→ PROVIDED INFORMATION:
:::
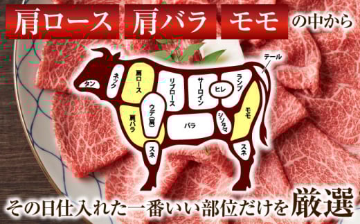 部位は【A4~A5】肩ロース・肩バラ・モモの中からその日に仕入れた一番いい部位を厳選してお届けいたします。しゃぶしゃぶすき焼きで食べることは勿論、地元ではシンプルに焼いて素材の味を堪能することも多いです。
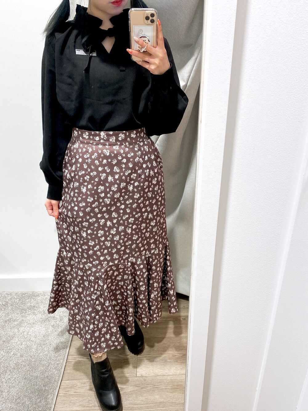 2020.04 配属先のブランド どシンプルで柄も色も無いイメージだったけど こっそり花柄があったので niceの花柄スカート履いちゃった🌷🌼 夏服はもっと色も柄もあるといいなあ 𓂃⋆𓈒𓏸 GRLのサイドゴアブーツは 脱ぎ履きがしやすくて 厚底で身長盛れるし足が綺麗に見えると思ってる! 低 身 長 の ミ カ タ ♛︎
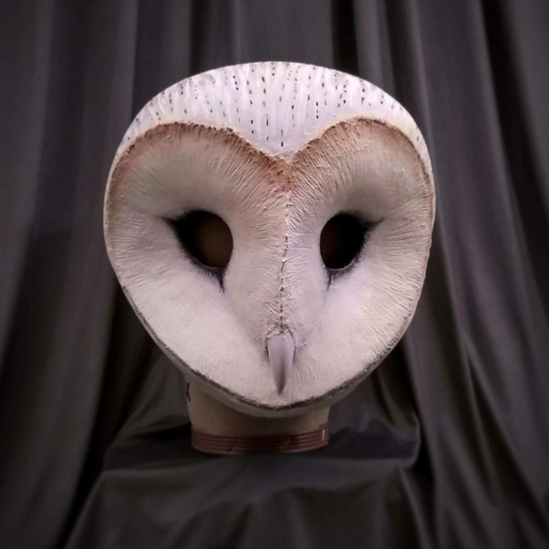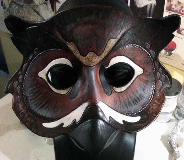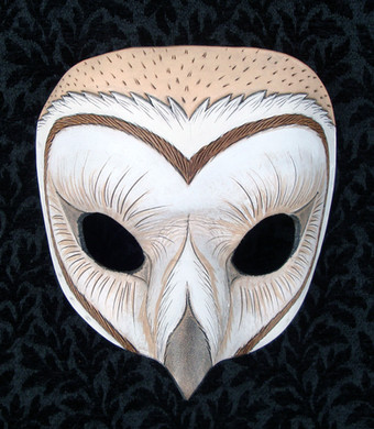 Paper mache owl mask~My school's campus has a pair of owls that like to meet on top of our eucalyptus trees. I've never seen them, but on quiet nights you can hear them having a low hooted conversation together ^^
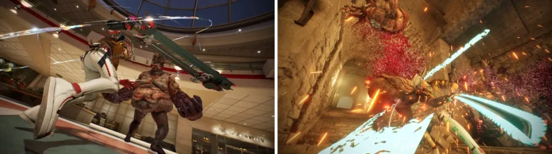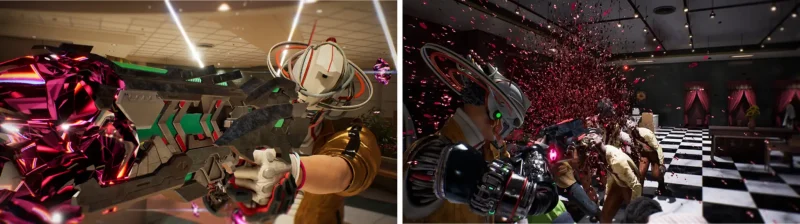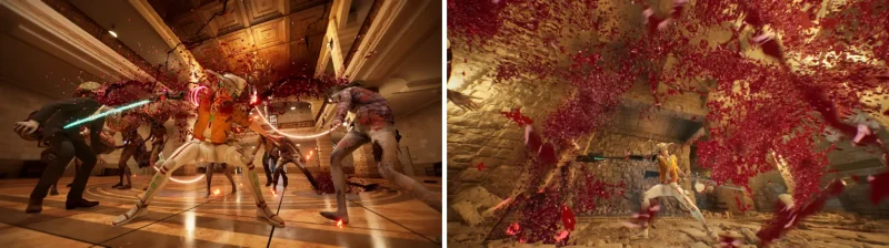 プレイヤーは、銃と剣を使い分ける「銃剣武器」を駆使し、敵を倒していきます。レベルデザインには頓知が利いており、爽快感あふれる「ブラッディアクション」が展開されます。また、敵から得た血を利用して発動する必殺技「ブラッディサマー」により、戦況を一変させることが可能です。
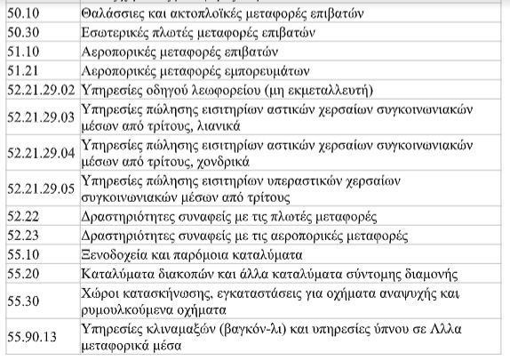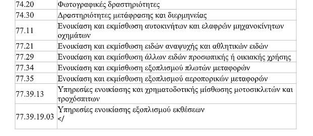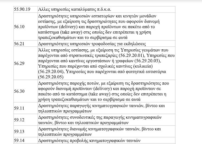 i) είτε έχουν ενεργό κύριο ΚΑΔ στις 20.03.2020 έναν από τους περιγραφόμενους στο συνημμένο πίνακα του Παραρτήματος ΙΙΙ, ο οποίος και αποτελεί αναπόσπαστο μέρος της παρούσας, ή των οποίων τα ακαθάριστα έσοδα ενεργού κατά την 20.03.2020 ΚΑΔ δευτερεύουσας δραστηριότητας από τους περιγραφόμενους στο συνημμένο του Παραρτήματος ΙΙΙ, όπως αυτά προκύπτουν από την αρχική δήλωση φόρου εισοδήματος φορολογικού έτους 2018, είναι μεγαλύτερα από τα ακαθάριστα έσοδα που αντιστοιχούν στον κύριο ΚΑΔ στις 20.03.2020,
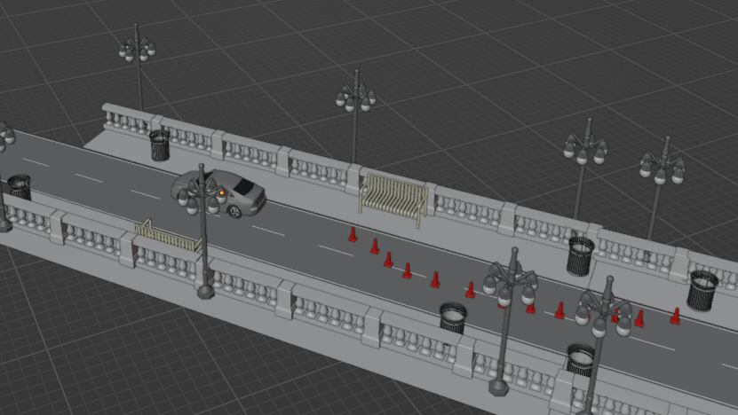 项目简介:先进行三维blender软件的快速培训,使学生在短时间内较熟练地掌握3D建模中点、线、面等基本要素的生成融合方法。在此基础上,基于blender软件对工业园区内的测试道路段进行模型绘制
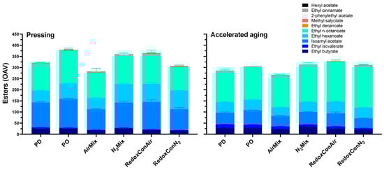 Interestingly, while the total concentration of measured volatiles reduced significantly, ethyl n-octanoate and ethyl isovalerate increased. Ethyl isovalerate was a minor contributor to the aroma profile of the wines at pressing, with OAVs below 4 in all wines. However, after accelerated aging, this compound ranged from 7 in RedoxConN2 wines to 17 in PD wines.
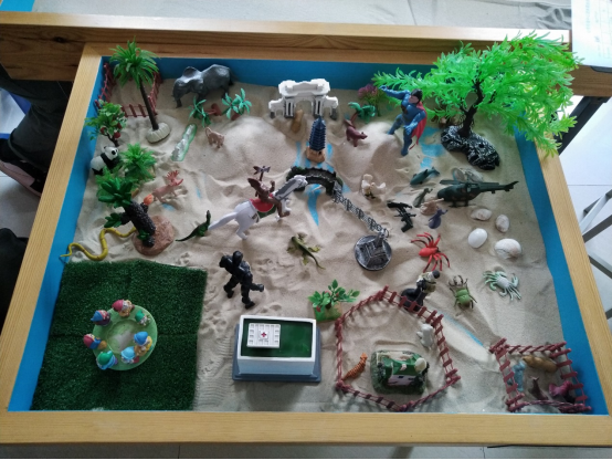 本次活动由心理咨询中心张鹏老师主持,邀请了来自马克思主义学院预科文科班和预科理科班各4名新同学参与活动。8名同学按次序进行沙具的摆放,共同制作了一个名为“独一无二的奇幻森林”的箱庭作品,并且分享了制作沙盘时的心得体会,活动气氛温馨轻松。
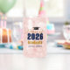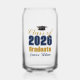 Customize your own navy blue and gold Class of 2026 graduate can glass gift for a college graduation party. Cool varsity letters for the year on a great custom commemorative keepsake for university seniors.
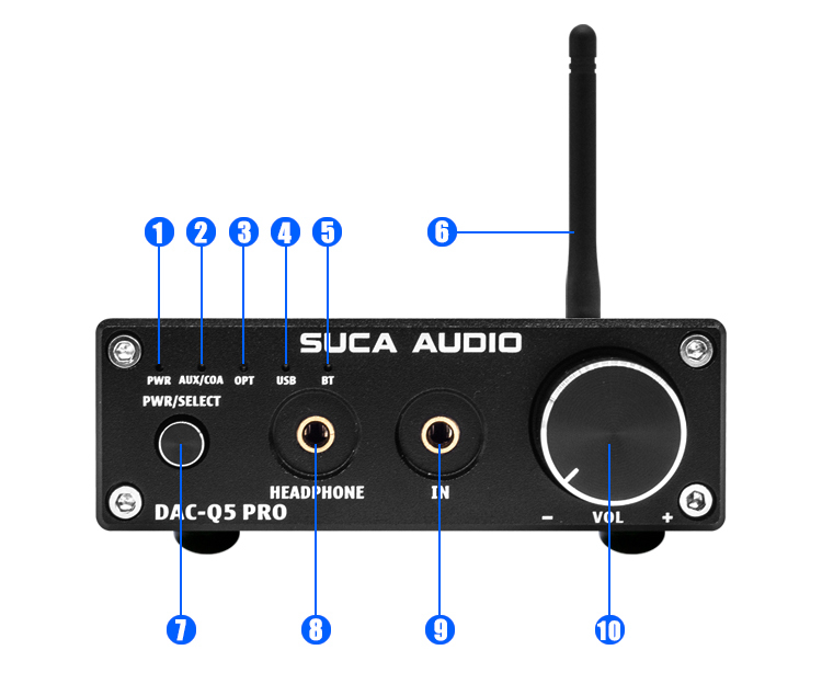 - Support sampling rate: USB-24bit/192kHz, optical/coaxial-24bit/192kHz
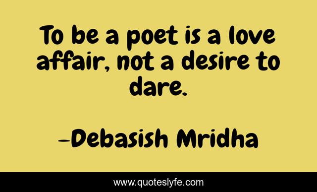 This page presents the quote "To be a poet is a love affair, not a desire to dare.". Author of this quote is Debasish Mridha. This quote is about desire, affair, life, love, knowledge, inspirational, intelligence, philosophy, affection,.
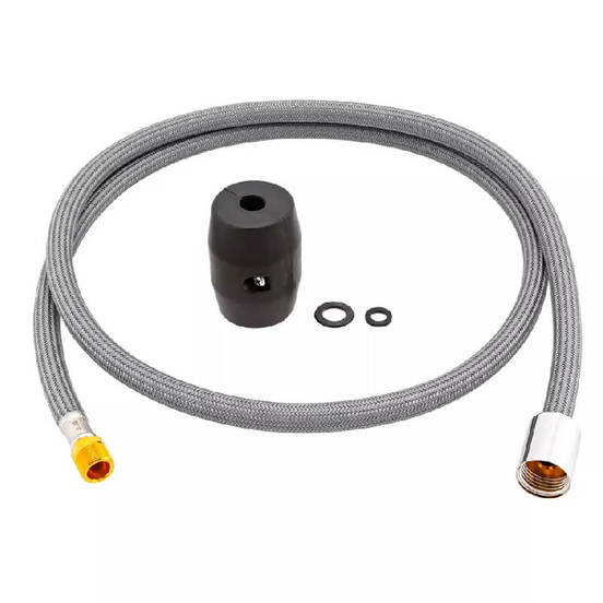 Изработен от здрав метал и със стандартно присъединяване 1/2", шлаухът е съвместим с повечето съвременни кухненски смесители. Сивият цвят придава модерен и дискретен вид, който се вписва лесно във всяка кухня. Практично и стилно решение за по-голяма функционалност във вашата кухня.
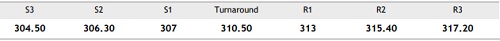 Range bound trades with a mild positive bias expected. Slip below 310.50 level could induce mild weakness.
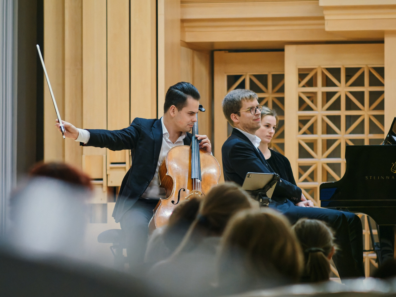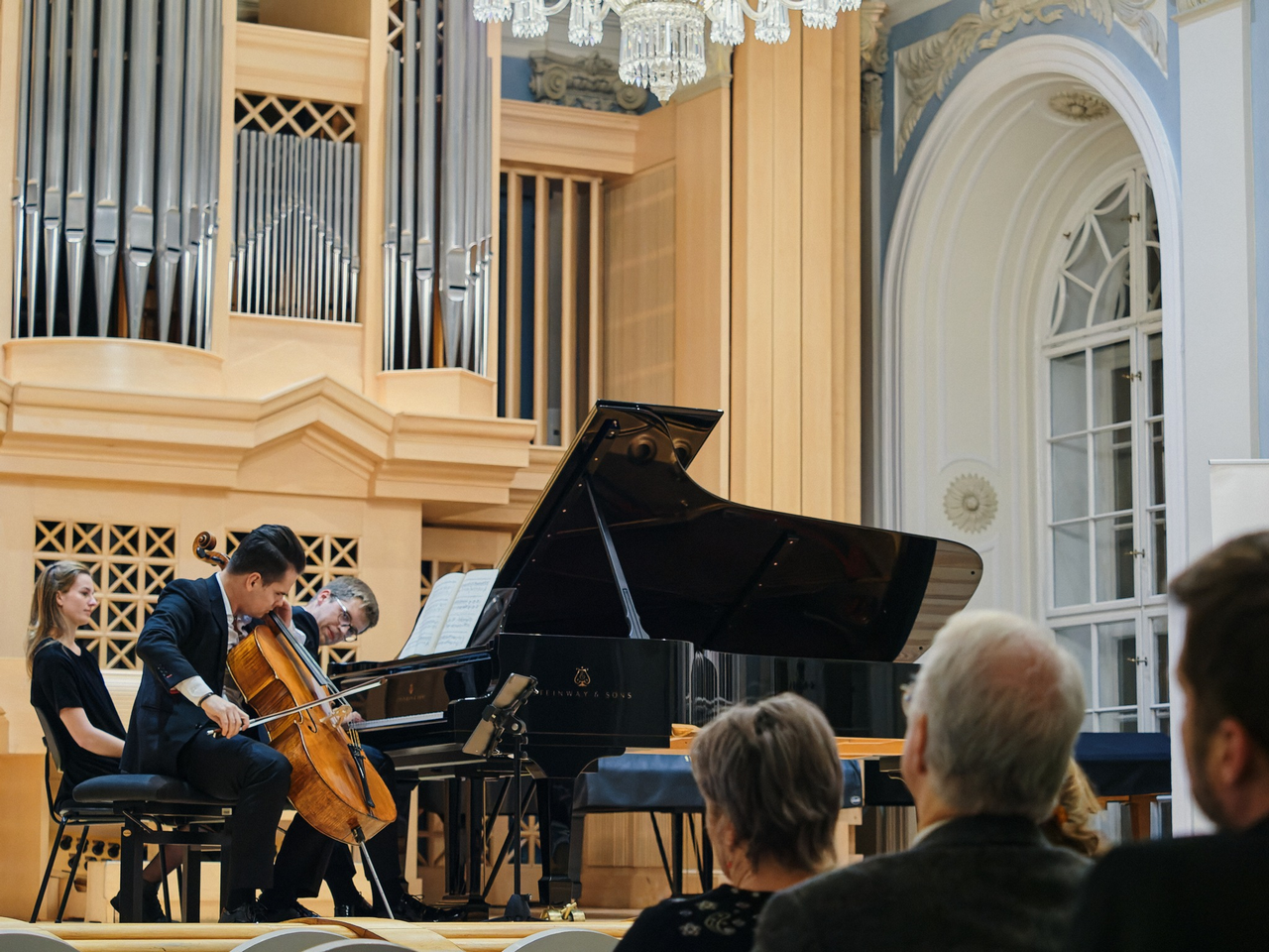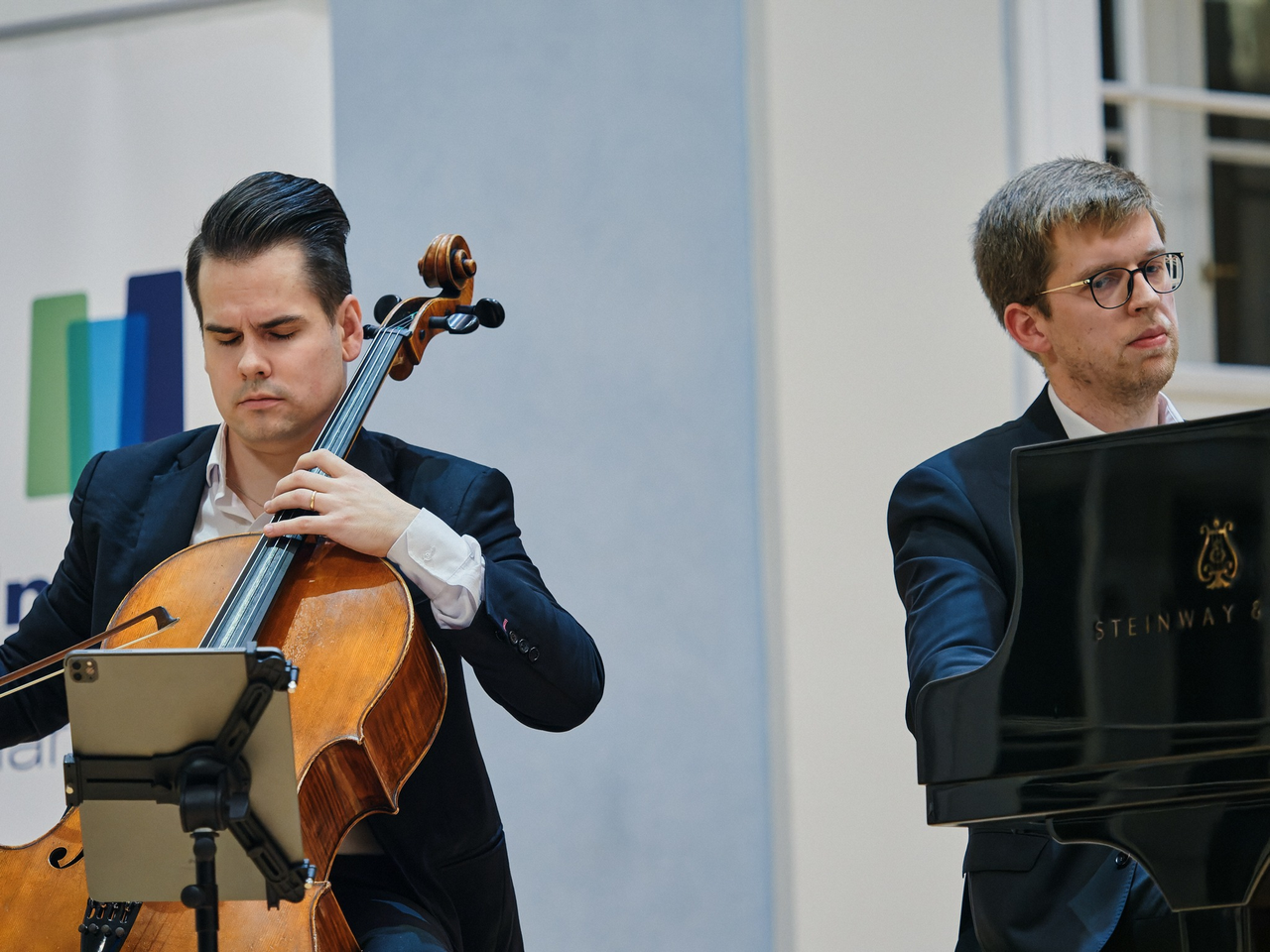 Sonáta pro violoncello a klavír č. 1 Alfreda Schnittkeho, o poznání virtuóznější kus, zazněla před pauzou. Volně atonální, témbrově zajímavá, snad trochu mnohomluvná skladba představila umělce zase v jiném světle. A pokud o jejich úrovni dosud snad někdo pochyboval, Schnittkeho sonátou pochybovat jistě přestal. Hráči předvedli výjimečnou technickou vyspělost, důmyslnou práci s časem a obdivuhodně jednotný rytmický cit a sehranost; scelenost díla už tak přítomnou kvalitní prací skladatele (a jím využitým principem attacca mezi jednotlivými větami) ještě podpořili promyšlenou tektonikou interpretace. Smyčec Václava Petra se definitivně prozpíval do nástroje i do prostoru a duo společně vtáhlo publikum do děje příběhu, za mě sdělnějšího než v případě úvodního Martinů. Nálada skladby místy hraničí s expresionismem, který snad maximálně vygradoval v závěru, kdy cellista hlubokou strunu C rozezvučel do neslýchané intenzity.
:::
→ AIM OF THE EXERCISE: Return every entry above exactly as written, with no pictures included.

→ TASK RESPONSE:
 部位は【A4~A5】肩ロース・肩バラ・モモの中からその日に仕入れた一番いい部位を厳選してお届けいたします。しゃぶしゃぶすき焼きで食べることは勿論、地元ではシンプルに焼いて素材の味を堪能することも多いです。
 2020.04 配属先のブランド どシンプルで柄も色も無いイメージだったけど こっそり花柄があったので niceの花柄スカート履いちゃった🌷🌼 夏服はもっと色も柄もあるといいなあ 𓂃⋆𓈒𓏸 GRLのサイドゴアブーツは 脱ぎ履きがしやすくて 厚底で身長盛れるし足が綺麗に見えると思ってる! 低 身 長 の ミ カ タ ♛︎
 Paper mache owl mask~My school's campus has a pair of owls that like to meet on top of our eucalyptus trees. I've never seen them, but on quiet nights you can hear them having a low hooted conversation together ^^
 プレイヤーは、銃と剣を使い分ける「銃剣武器」を駆使し、敵を倒していきます。レベルデザインには頓知が利いており、爽快感あふれる「ブラッディアクション」が展開されます。また、敵から得た血を利用して発動する必殺技「ブラッディサマー」により、戦況を一変させることが可能です。
 i) είτε έχουν ενεργό κύριο ΚΑΔ στις 20.03.2020 έναν από τους περιγραφόμενους στο συνημμένο πίνακα του Παραρτήματος ΙΙΙ, ο οποίος και αποτελεί αναπόσπαστο μέρος της παρούσας, ή των οποίων τα ακαθάριστα έσοδα ενεργού κατά την 20.03.2020 ΚΑΔ δευτερεύουσας δραστηριότητας από τους περιγραφόμενους στο συνημμένο του Παραρτήματος ΙΙΙ, όπως αυτά προκύπτουν από την αρχική δήλωση φόρου εισοδήματος φορολογικού έτους 2018, είναι μεγαλύτερα από τα ακαθάριστα έσοδα που αντιστοιχούν στον κύριο ΚΑΔ στις 20.03.2020,
 项目简介:先进行三维blender软件的快速培训,使学生在短时间内较熟练地掌握3D建模中点、线、面等基本要素的生成融合方法。在此基础上,基于blender软件对工业园区内的测试道路段进行模型绘制
 Interestingly, while the total concentration of measured volatiles reduced significantly, ethyl n-octanoate and ethyl isovalerate increased. Ethyl isovalerate was a minor contributor to the aroma profile of the wines at pressing, with OAVs below 4 in all wines. However, after accelerated aging, this compound ranged from 7 in RedoxConN2 wines to 17 in PD wines.
 本次活动由心理咨询中心张鹏老师主持,邀请了来自马克思主义学院预科文科班和预科理科班各4名新同学参与活动。8名同学按次序进行沙具的摆放,共同制作了一个名为“独一无二的奇幻森林”的箱庭作品,并且分享了制作沙盘时的心得体会,活动气氛温馨轻松。
 Customize your own navy blue and gold Class of 2026 graduate can glass gift for a college graduation party. Cool varsity letters for the year on a great custom commemorative keepsake for university seniors.
 - Support sampling rate: USB-24bit/192kHz, optical/coaxial-24bit/192kHz
 This page presents the quote "To be a poet is a love affair, not a desire to dare.". Author of this quote is Debasish Mridha. This quote is about desire, affair, life, love, knowledge, inspirational, intelligence, philosophy, affection,.
 Изработен от здрав метал и със стандартно присъединяване 1/2", шлаухът е съвместим с повечето съвременни кухненски смесители. Сивият цвят придава модерен и дискретен вид, който се вписва лесно във всяка кухня. Практично и стилно решение за по-голяма функционалност във вашата кухня.
 Range bound trades with a mild positive bias expected. Slip below 310.50 level could induce mild weakness.
 Sonáta pro violoncello a klavír č. 1 Alfreda Schnittkeho, o poznání virtuóznější kus, zazněla před pauzou. Volně atonální, témbrově zajímavá, snad trochu mnohomluvná skladba představila umělce zase v jiném světle. A pokud o jejich úrovni dosud snad někdo pochyboval, Schnittkeho sonátou pochybovat jistě přestal. Hráči předvedli výjimečnou technickou vyspělost, důmyslnou práci s časem a obdivuhodně jednotný rytmický cit a sehranost; scelenost díla už tak přítomnou kvalitní prací skladatele (a jím využitým principem attacca mezi jednotlivými větami) ještě podpořili promyšlenou tektonikou interpretace. Smyčec Václava Petra se definitivně prozpíval do nástroje i do prostoru a duo společně vtáhlo publikum do děje příběhu, za mě sdělnějšího než v případě úvodního Martinů. Nálada skladby místy hraničí s expresionismem, který snad maximálně vygradoval v závěru, kdy cellista hlubokou strunu C rozezvučel do neslýchané intenzity.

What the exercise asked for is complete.